Adamant: Hardest metal
Thursday, May 8, 2003

Oil Price Slips as Venezuelan Gasoline Arrives

NewsStand - Friday, May 02, 2003 <a href=www.menafn.com>MENAFN-Agence France-Presse NEW YORK, May 2 (AFP)

NEW YORK, May 2 (AFP) - World oil prices slipped Friday as Venezuelan gasoline arrived in the United States and a tense oil rig stand-off in Nigeria neared resolution, analysts said. New York, light sweet crude June-dated futures contract fell 36 cents to 25. 67 dollars a barrel.

In London, the price of benchmark Brent North Sea crude oil for June delivery fell 24 cents per barrel to 23.58 dollars.

"The weakness of the energy market came from the fact that some gasoline is coming up from Venezuela and is landing in the Gulf (of Mexico)," said Refco market analyst Jim Still.

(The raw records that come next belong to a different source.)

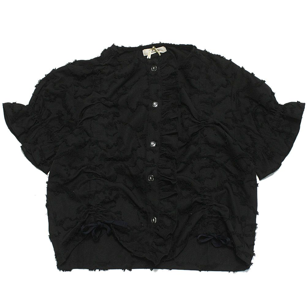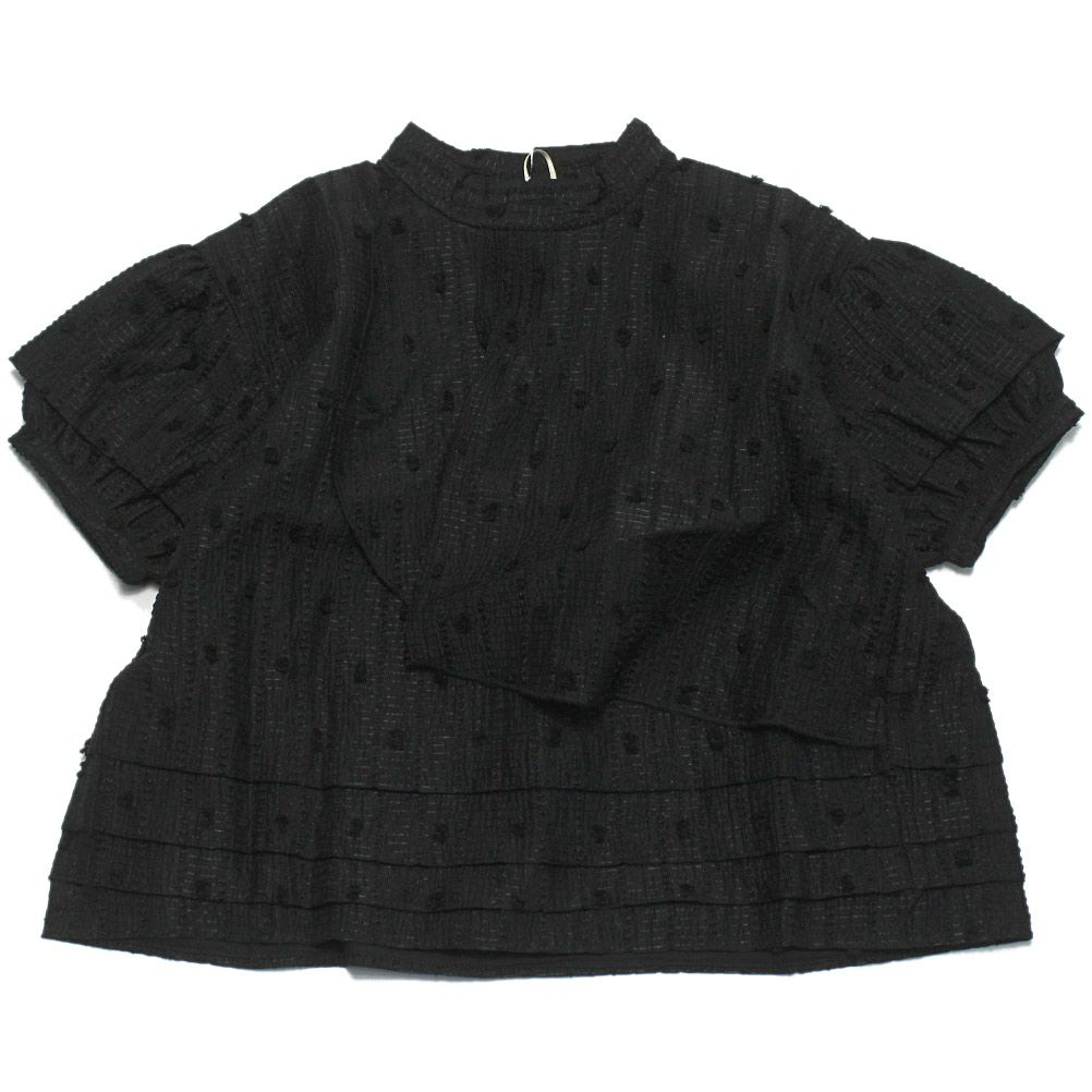 [オーシャン&グラウンド] ボリュームフリルスリーブTシャツ ブラック(BK)
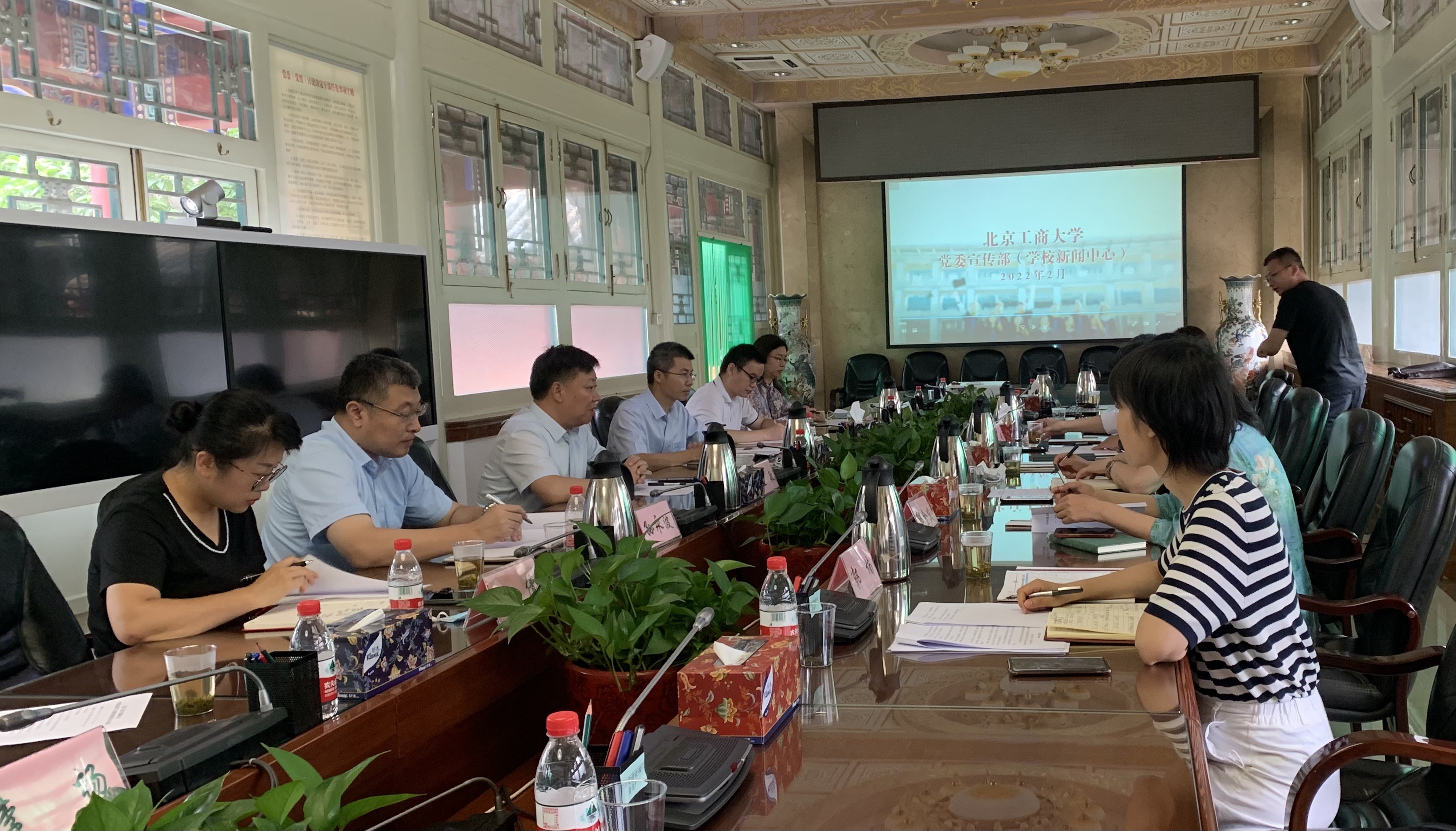 座谈会前,与会人员共同观看了第一版主 和北京同仁堂集团宣传片,对双方的发展历程、领导关怀、事业发展等情况有了系统了解。
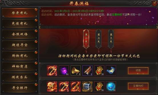 活动说明:活动期间,每日登录游戏可领取奖励,激活至尊特权可额外领取一份!
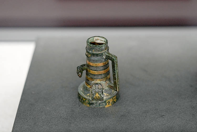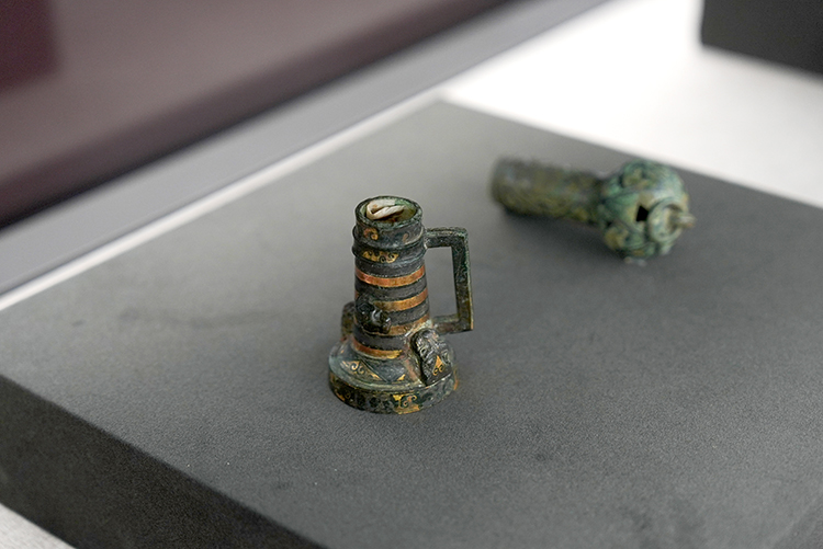 展出的这件“错金银铜车軎”出土于平山战国中山王墓,装饰错金银花纹,两端为卷云纹,中部则为错金相间。
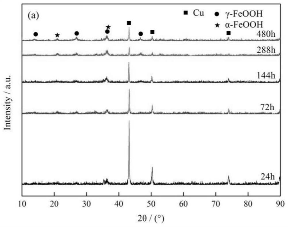 本发明公开了一种适用于工业大气环境的耐候钢表面稳定化处理剂及处理方法,属于钢材防腐技术领域,耐候钢表面稳定化处理剂按照重量百分比计,包括如下原料:CuSO4 0.8~1.2%、Cr2(SO4)32.8~3.2%、NaHSO3 0.5~0.7%、Fe3O4 0.08~0.12%,余量为去离子水,经过稳定化+水处理后元素Cu在耐候钢表面富集,在模拟工业大气介质中的腐蚀速率大大降低,加速了稳定致密锈层的形成,同时避免了腐蚀初期锈液流挂与飞散等污染大气环境的问题。该操作方法简单,成本低,适用于工业发达的工业大气环境。
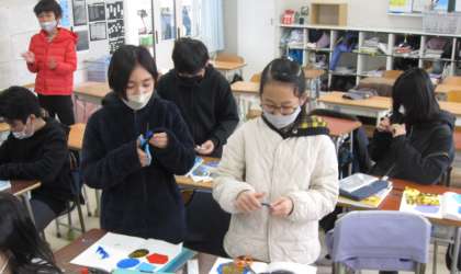 円の形の紙をぴったり重なるように折っていき、弧の部分に定規で直線を引いて切りました。さて、どんな形になるでしょう。
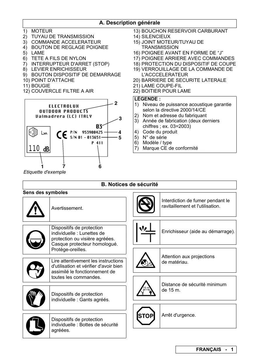 Etiquette d'exemple B. Notices de sécurité Sens des symboles Interdiction de fumer pendant le ravitaillement et l'utilisation. Avertissement. Dispositifs de protection individuelle : Lunettes de protection ou visière agréées. Casque protecteur homologué. Protège-oreilles. Enrichisseur (aide au démarrage). Attention aux projections de matériau. Lire attentivement les instructions d'utilisation et vérifier d'avoir bien assimilé le fonctionnement de toutes les commandes. 15 m Dispositifs de protection individuelle : Gants agréés. Dispositifs de protection individuelle : Bottes de sécurité agréées. Distance de sécurité minimum de 15 m. Arrêt d'urgence.
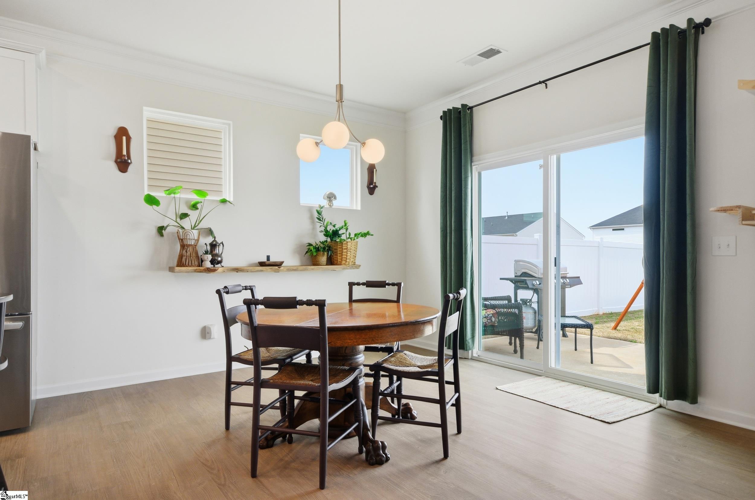 Welcome home to 221 Pendergast Rd—an almost-new 3 bedroom, 2.5 bath home with an open loft and a bright, airy layout in the Harrington neighborhood. The main level showcases an open floor plan with LVP flooring, abundant natural light, and upgraded finishes throughout. The kitchen is a standout with shaker cabinetry, granite countertops, stainless steel appliances, tile backsplash, and upgraded lighting including pendants over the island. Enjoy indoor-outdoor living with rear glass doors leading to a fully fenced backyard with vinyl fencing—a major bonus since many new construction homes do not include fencing. Upstairs you’ll find a generous loft, two additional bedrooms, full hall bath, and laundry, plus a private primary suite tucked away at the back of the home. The primary bath features dual sinks, a tiled walk-in shower, and EVP flooring, with quartz countertops throughout all bathrooms. Additional upgrades include trim, lighting and plumbing packages, a finished (drywalled and painted) garage with lighting/outlets, and a built-in pest control system. Harrington residents enjoy two pools, a playground, and sidewalks throughout the neighborhood.
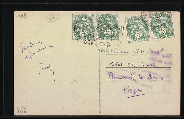 Personenbezogene Daten auf der Rückseite der Karte wurden durch blauen Textmarker unkenntlich gemacht. Die blauen Stellen sind auf die Vorderseite durchgeweicht und wirken sich negativ auf das Postkartenfoto aus
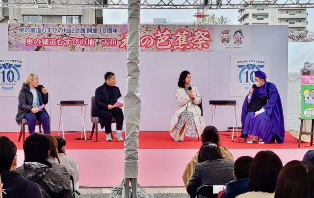 2人目のゲストは、大垣市長の石田仁さん。 地元のデザイン学校で手作りされた袈裟をまとい、松尾芭蕉になりきってのご登場です。その姿を見た桂里奈ちゃん、「ゆるキャラみたいですね!」と、一言。なごやかなトークが続きます。

Weak gasoline priced dragged down prices of crude and heating oil, he said. In addition, the second quarter of the year was traditionally marked by weak demand for energy.

Earlier, prices were beaten down in London by as fears eased that labor unrest in Nigeria's oil fields could spiral out of control.

On Friday, a US oil firm whose Nigerian offshore rigs had been hijacked by striking workers since mid-April, trapping 100 Western employees, said it had reached a deal with unions to end the dispute.

Transocean Inc. said it hoped the process of evacuating people from the four rigs would begin "promptly".

Earlier this year, political and ethnic unrest in the country's oil rich Niger Delta region halted around a third of the country's oil exports, pushing world prices upwards.

The markets were also watching for any more action from the Organisation of Petroleum Exporting Countries (OPEC) following the cartel's somewhat botched attempt to ease prices up, analysts said.

At a meeting in Vienna last week OPEC said that its members would cut two million barrels per day of production from the start of June to absorb a glut in crude on world markets after the Iraq war.

However at the same time it raised official production ceilings to bring them closer into line with reality, leading dealers to conclude that little would really change.

Analysts at brokerage Sucden UK said the market had noted remarks from OPEC Secretary-General Alvaro Silva that while the cartel was waiting to see the results of the production cuts, its "does not mean our hands are tied until then".

"These comments show that it is likely that OPEC feel that they did not cut production enough and that with Iraqi production coming back on line prices could drop," the analysts said in a note.

However even this expectation was not sufficient to shore up prices.

Adding to the downwards momentum was anticipation that Iraq's crude could flow back onto world markets relatively soon.

On Wednesday, US Energy Secretary Spencer Abraham told reporters in Saudi Arabia that Iraq could restore its pre-war oil production levels "within months".